Kundenbewertungen sind und nicht nur Gold, sondern auch bares Geld wert. Insbesondere der Plattformhandel mit den dort besonders gegebenen Bewertungsmöglichkeiten hat zu einer drastischen Steigerung der Bedeutung von Kundenmeinungen geführt. Über Erfolg und Ranking des Produkts entscheiden nicht zuletzt Menge und Tendenz der zugeordneten Bewertungen. Ob das in jedem Fall sinnvoll ist, mag dahinstehen. Denn was im Bereich Gastronomie und Hotellerie begann, ist heute Handelsstandard. Das führt allerdings auch zu rechtlichen Fragestellungen.

Fake-Bewertungen verboten, gekaufte Bewertungen kennzeichnungspflichtig

Bisher entschieden die Gerichte über viele Aspekte von Bewertungssystemen. Einerseits ging es um die Frage, welche Aussage einer Bewertung zuzuordnen ist und  andererseits häufig um die Frage, wie solche Bewertungen zustande kommen. Beispielsweise meinte das Oberlandesgericht Frankfurt, das ein Unternehmen grundsätzlich offenlegen muss, wenn es für Bewertungen bezahlt (OLG Frankfurt a. M.,Beschluss v. 22.02.2019 – 6 W 9/19).  § 5a Abs. 6 UWG (diese Vorschrift enthält aktive Aufklärungspflichten) verpflichtet den Unternehmer  nämlich, den kommerziellen Zweck einer Geschäftspraxis kenntlich zu machen. Dazu gehört es nach Einschätzung des Gerichts auch, wenn bei Bewertungen neben der Begeisterung oder Enttäuschung des ganz privat handelnden Konsumenten auch Geld im Spiel ist. Zu der ganz „platten“ Variante für die schlichteren Gemüter, nämlich dem Angebot positiver Kundenrezensionen für Geld, hatte das Landgericht München I zu entscheiden. Es erachtete die Geschäftspraxis von „Fivestar“, einem Anbieter für positive Kundenstimmen (Amazon-Rezension für Euro 19,40), eine klare wettbewerbsrechtliche Absage und erachtete das Gesamtangebot rundweg für unzulässig (Urteil vom 20.02.2020, Az: I ZR 193/18). Besonders interessant an der Entscheidung des Landgerichts München: „Fivestar“ hatte sich zum Zeitpunkt der Urteilsverkündung umbenannt und die Rechtsform geändert, von Fivestar Marketing UG in Fivestar AG bR. Dabei wurde auch ein neuer Geschäftsführer in das Handelsregister eingetragen. Für das Gericht kein kein Hindernis, es verurteilte im Sinne der Klägerin (Holidaycheck) Fivestar gleichwohl zur Unterlassung.

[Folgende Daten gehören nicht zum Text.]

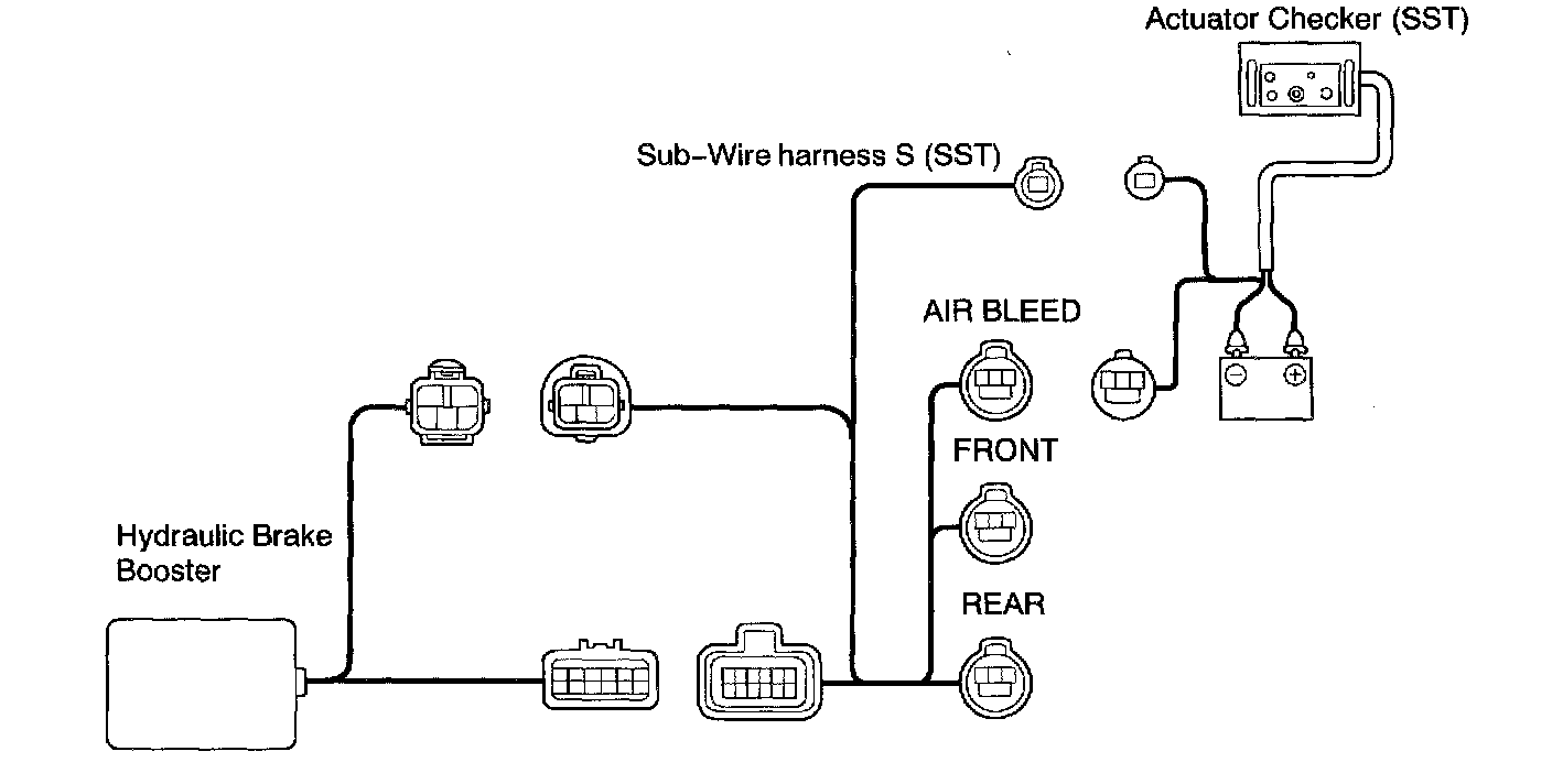 b. Connect the actuator checker (SST) to the hydraulic brake booster side wire harness via the sub-wire harness (SST), as shown in the chart.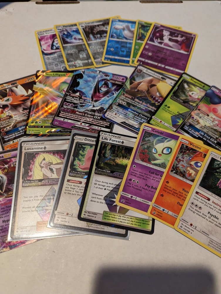 This Pokemon Card Bulk Lot includes 50+ cards with 3 rare Ultra Rare cards such as V/VMAX/EX/FA/ACE attributes. The lot features various attributes including Earth, Water, Fire, Psychic, and more. The cards come from various sets such as Fusion Strike, Sword & Shield, and Pokemon GO, with characters like Mewtwo, Gengar, and Charizard. The cards are in English and manufactured by Wizards of the Coast and Nintendo, suitable for ages 4 and above. With a mix of Regular, Holo, and Foil finishes, this bulk lot is perfect for collectors and players of the Pokemon TCG.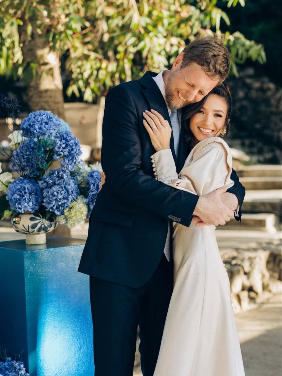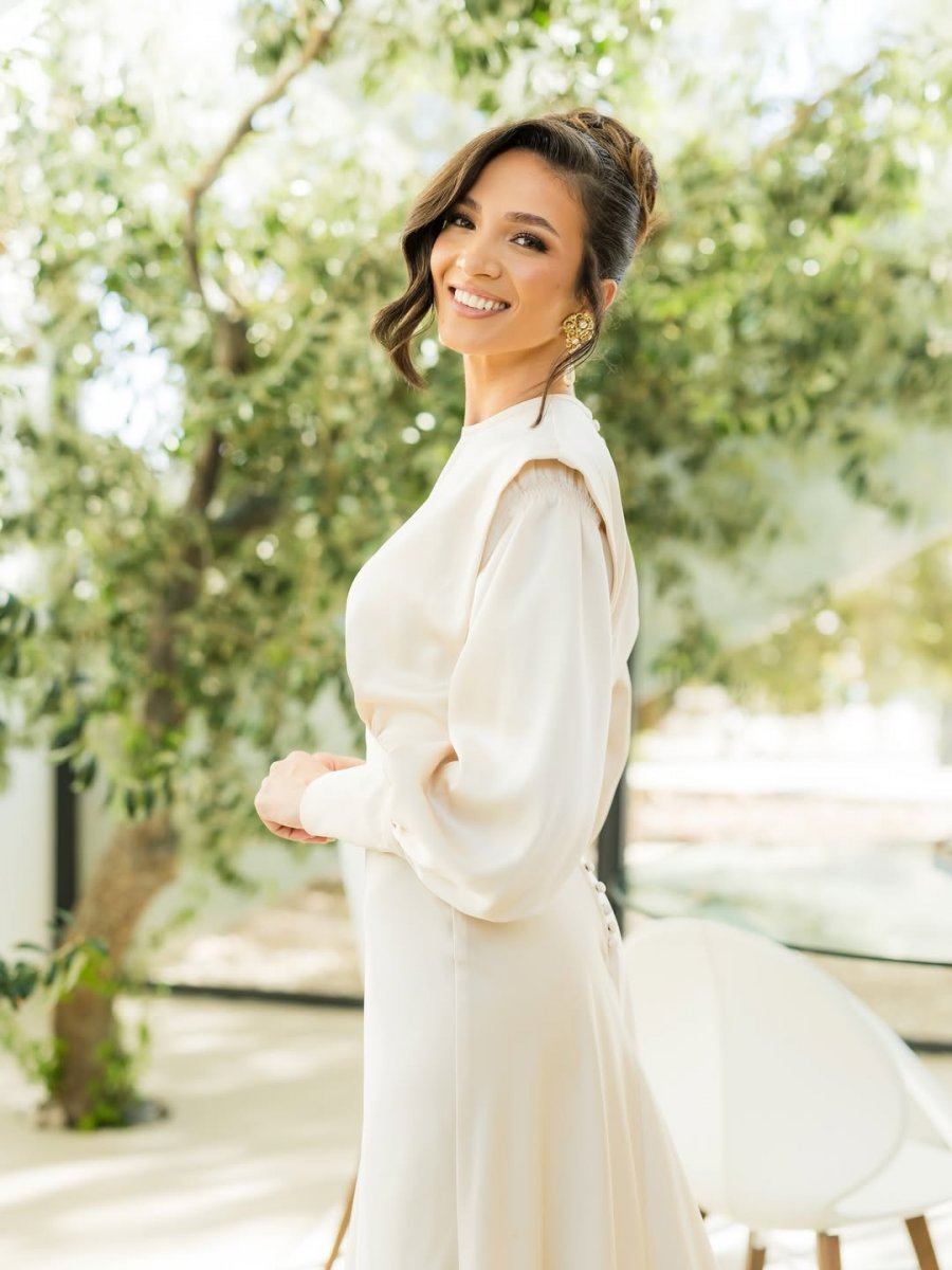 E veshur me një fustan të gjatë saten në ngjyrë fildishi, ajo shkëlqente në një dhomë të mbushur me dritë dhe bimë të gjelbra, ndërsa në një nga fotot tregonte me krenari unazën e saj të re.
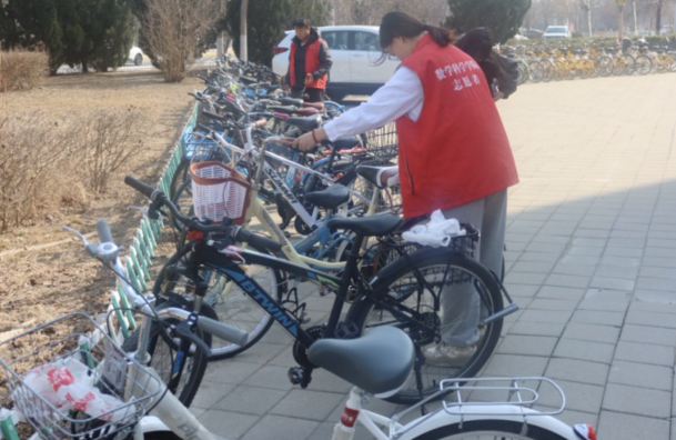 2月26日下午,志愿者们早早集合完毕,以饱满的精神状态投入志愿服务活动。大家分工协作,一组志愿者手持清洁工具对网格区域展开全面清扫,另一组负责规整道路两侧的自行车停放秩序,让网格区整洁有序.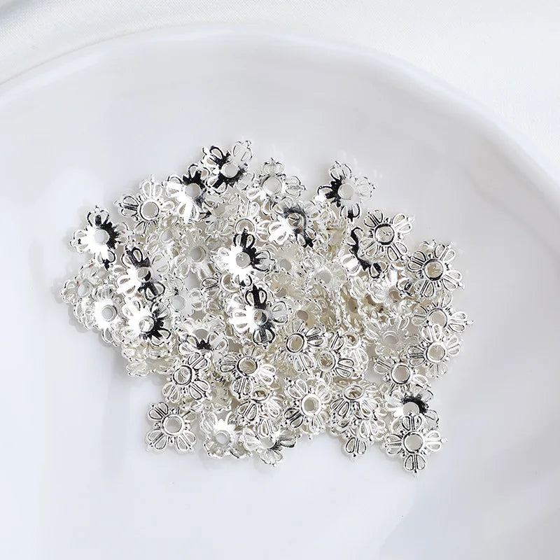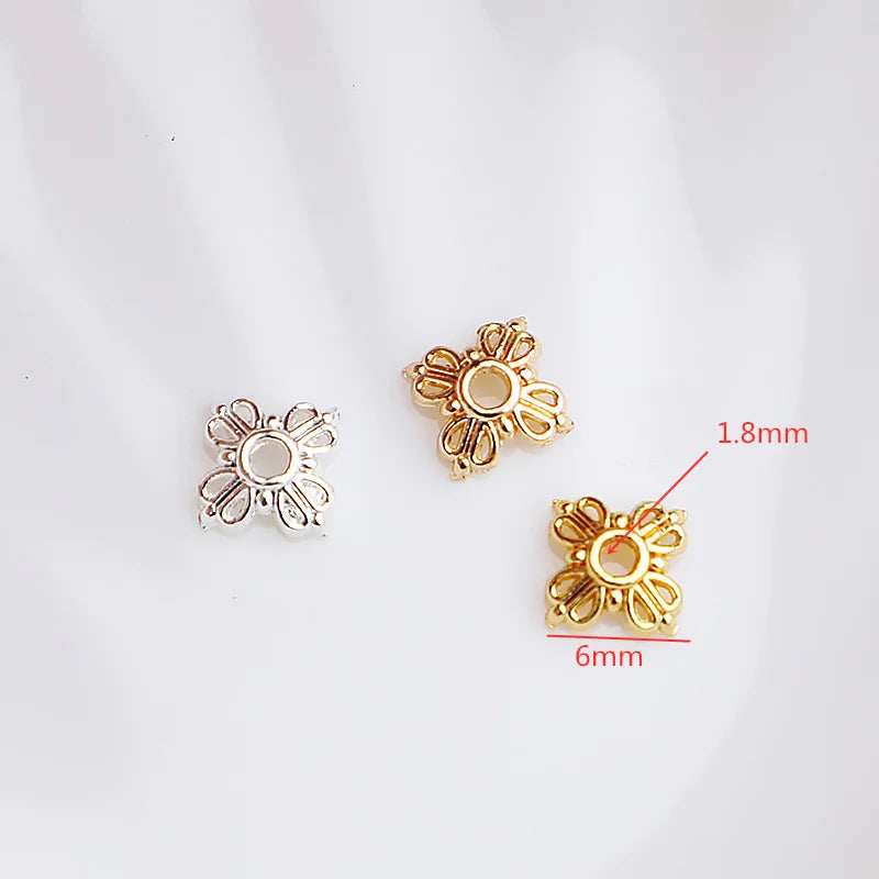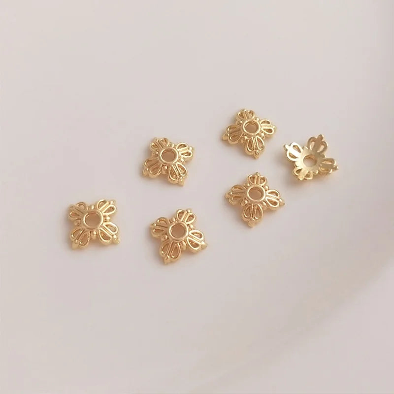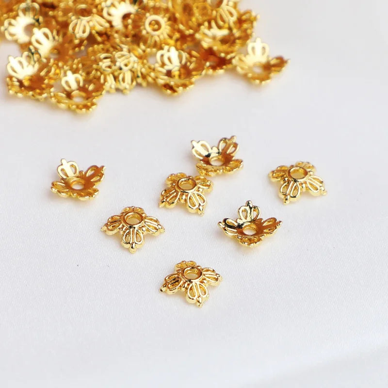 These 20pcs brass flower beads caps are perfect for adding a touch of elegance to your jewelry making projects. Made of plated brass, they feature a hollow filigree design that adds a delicate and intricate look to your creations.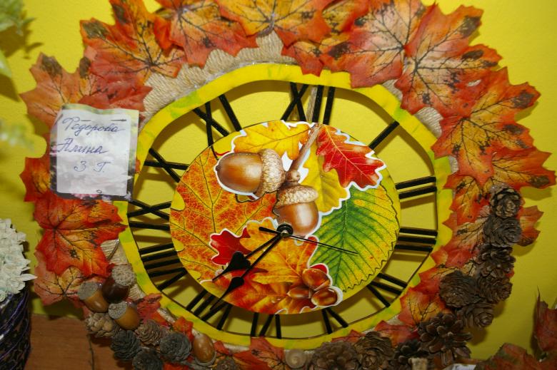 L'étape suivante consiste à placer des feuilles colorées dans les coins. Veillez à ce que les aiguilles des heures et des minutes ne touchent pas les décorations.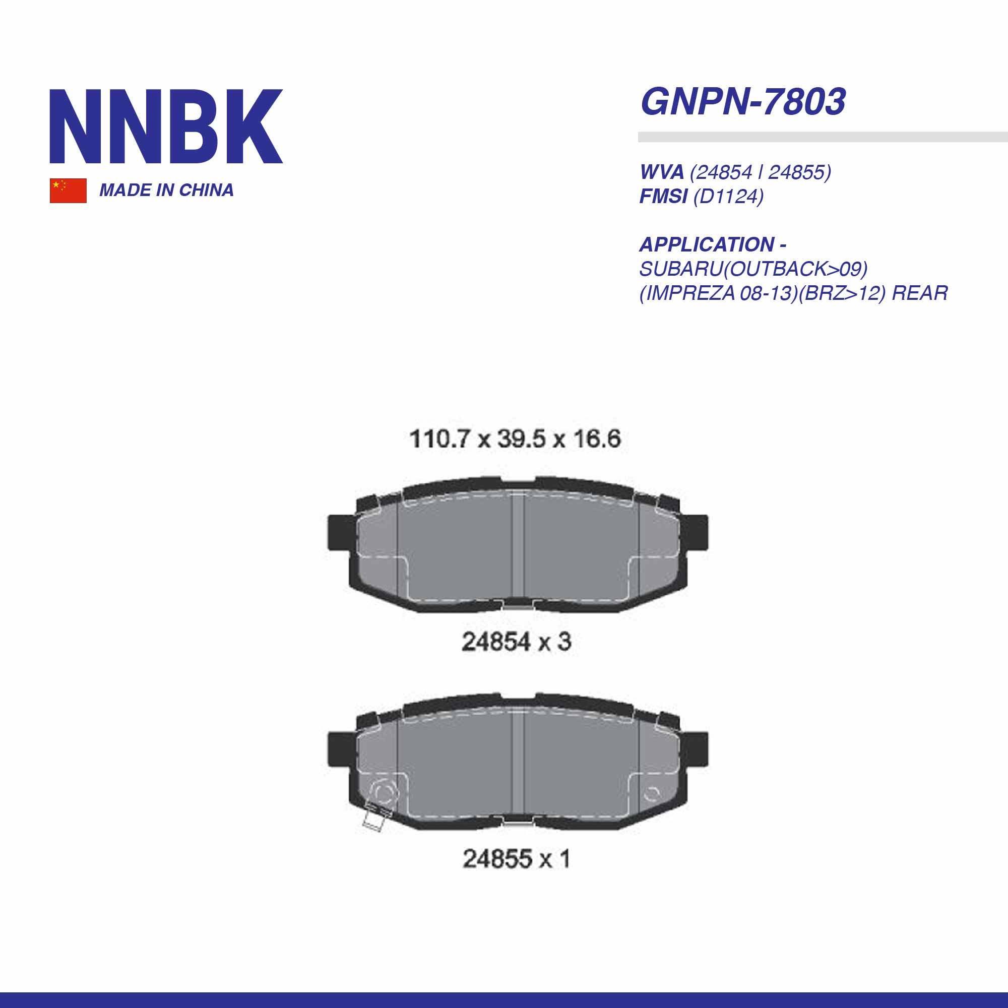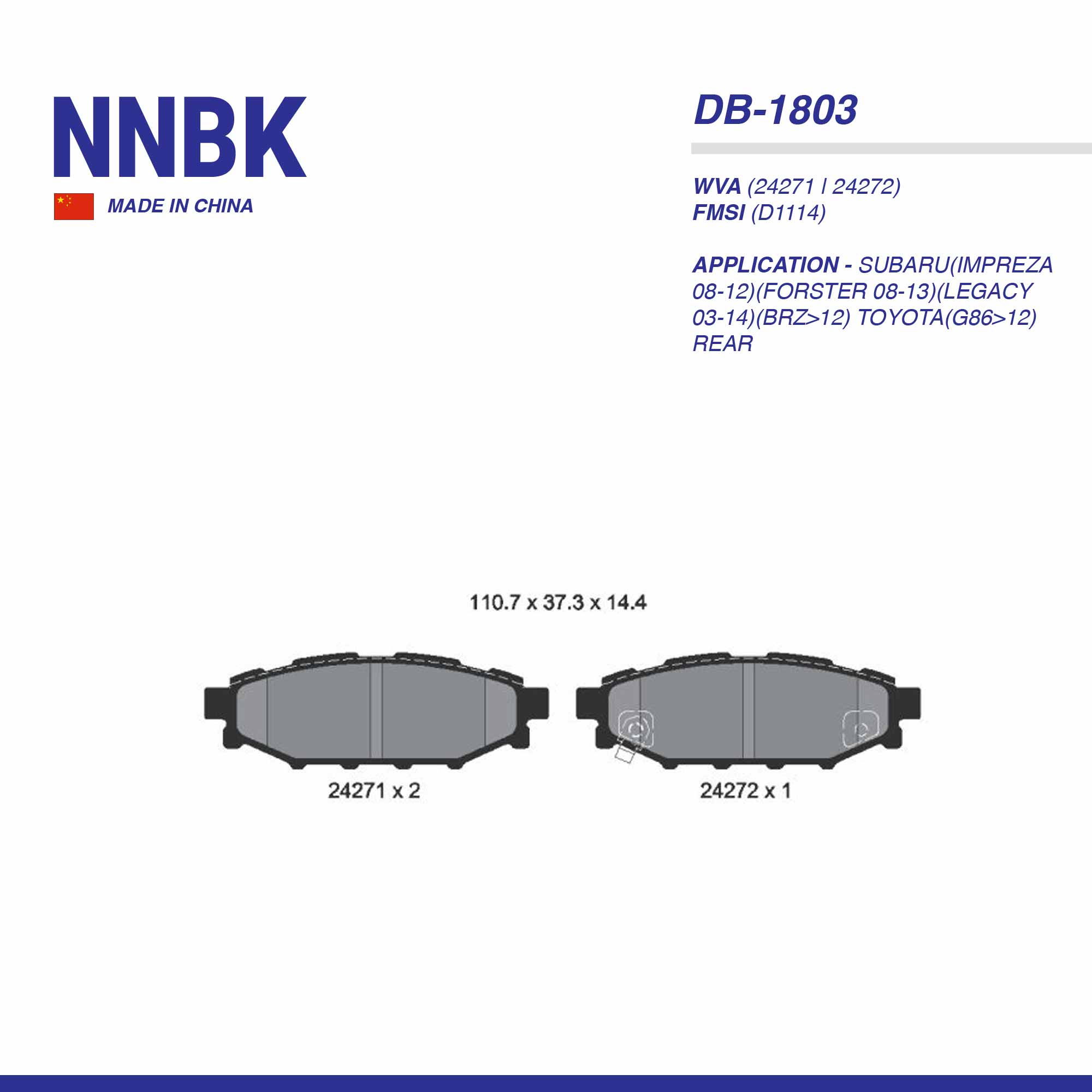 NA PAD| DB-1803 SUBARU(IMPREZA 08-12)(FORSTER 08-13)(LEGACY 03-14)(BRZ>12) TOYOTA(G86>12) RR

BGH: wer haftet für Bewertungsinhalte?

Was aber, wenn Bewertungen von Kunden verbotene Inhalte haben? Muss der Händler dann die Folgen tragen und sich für die Kundenstimme abmahnen, zu Unterlassung verpflichten oder sogar zu einer Vertragsstrafe Verurteilen lassen? Muss der Händler die Sekunden Stimme entfernen lassen? Zu diesen spannenden Fragen hatte der BGH zu urteilen.

Der Verband Sozialer Wettbewerb (VSW) wünschte als Kläger vor dem BGH die Verurteilung eines Händlers zur Zahlung einer Vertragsstrafe und die Löschung von Bewertungen zu einem sogenannten „Gesundheits-Tape“ (Kinesiologie-Tapes). Die Vorgeschichte: Im Jahr 2013 begehrte der VSW von dem Händler die Unterlassung von Werbung, die eine medizinische Wirkung des Tapes behauptete. Der Händler hat eine entsprechende Unterlassungserklärung abgegeben, denn medizinische Wirkung darf nur für entsprechend zugelassene Medizinprodukte behauptet werden, soweit das Heilmittelwerbegesetz (HWG) das zulässt.

2017 bot der Beklagte Händler das Tape dann weiterhin bei Amazon an, ohne die Behauptung einer medizinischen Wirkung.

Allerdings hatte Amazon dem Angebot Kundenrezensionen zugewiesen, die unter anderem Hinweise wie „schmerzlinderndes Tape!“, „This product is perfect for pain…“ und „Die Schmerzen gehen durch das Bekleben weg“ enthielten, also genau solche medizinischen Aussagen, welche der Händler selbst gerade nicht tätigen darf.

Der VSW verlangte die Zahlung der Vertragsstrafe, da der Händler sich die Bewertungen zu eigen gemacht habe und damit irreführende Werbung betreibe. Zudem war der Verein der Ansicht, dass die Beklagte auf ihre Löschung hätte hinwirken müssen.

BGH: Händler grundsätzlich nicht für Kundenstimmen verantwortlich

Der BGH vertrat die Ansicht, dass der Verkäufer auf einer Online-Plattform für nicht von ihm veranlasste Kundenbewertungen wettbewerbsrechtlich haftet, wenn er sich diese Bewertungen nicht zu eigen macht.Für die Beurteilung, ob ein  Händler sich fremde Äußerungen zu eigen macht, kommt es entscheidend darauf an, ob er nach außen erkennbar die inhaltliche Verantwortung für die Äußerungen Dritter übernimmt oder den Anschein erweckt, er identifiziere sich mit ihnen.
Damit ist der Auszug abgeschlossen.